(Beginning of Data excerpt)

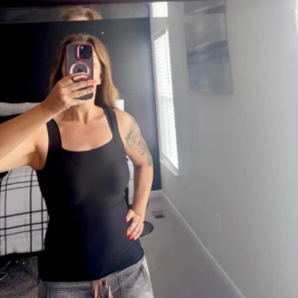Our first tank top with real built-in bra support. No wires, no extra layers, no lines showing through your clothes. One piece that does it all. Features removable padding for customisable coverage and a smoothing sculpt fit that defines your shape without squeezing. Works for everything from lounging to errands to the office. Comfortable enough to forget you're wearing it.
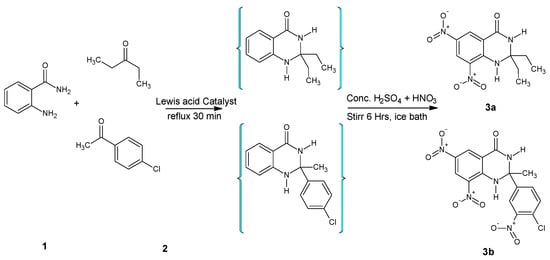 Condensation of anthranilamide with ketone was achieved under Lewis acid catalysis to produce intermediate quinazoline moiety, which was further treated with a nitrating mixture. Resultantly, compounds (3a and 3b) were synthesized by reacting the unsubstituted phenyl ring of 2,3-dihydroquinazolin-4(1H)-one core with conc. HNO3 in the presence of H2SO4 (Figure 2).
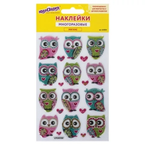 Наклейки зефирные Совы многоразовые с блестками 10х15 см
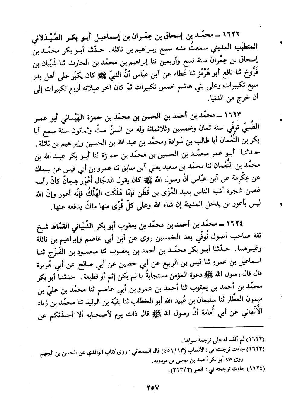 §1622 - مُحَمَّدُ بْنُ إِسْحَاقَ بْنِ عِمْرَانَ بْنِ إِسْمَاعِيلَ أَبُو بَكْرٍ الصَّيْدَلَانِيُّ الْمُتَطَبِّبُ الْمَدِينِيُّ سَمِعْتُ مِنْهُ، سَمِعَ إِبْرَاهِيمَ بْنَ نَائِلَةَ

(End of Data excerpt)

Instructions for the task:
Write every line of the data out again exactly, leaving out all images.

Written response:
Our first tank top with real built-in bra support. No wires, no extra layers, no lines showing through your clothes. One piece that does it all. Features removable padding for customisable coverage and a smoothing sculpt fit that defines your shape without squeezing. Works for everything from lounging to errands to the office. Comfortable enough to forget you're wearing it.
 Condensation of anthranilamide with ketone was achieved under Lewis acid catalysis to produce intermediate quinazoline moiety, which was further treated with a nitrating mixture. Resultantly, compounds (3a and 3b) were synthesized by reacting the unsubstituted phenyl ring of 2,3-dihydroquinazolin-4(1H)-one core with conc. HNO3 in the presence of H2SO4 (Figure 2).
 Наклейки зефирные Совы многоразовые с блестками 10х15 см
 §1622 - مُحَمَّدُ بْنُ إِسْحَاقَ بْنِ عِمْرَانَ بْنِ إِسْمَاعِيلَ أَبُو بَكْرٍ الصَّيْدَلَانِيُّ الْمُتَطَبِّبُ الْمَدِينِيُّ سَمِعْتُ مِنْهُ، سَمِعَ إِبْرَاهِيمَ بْنَ نَائِلَةَ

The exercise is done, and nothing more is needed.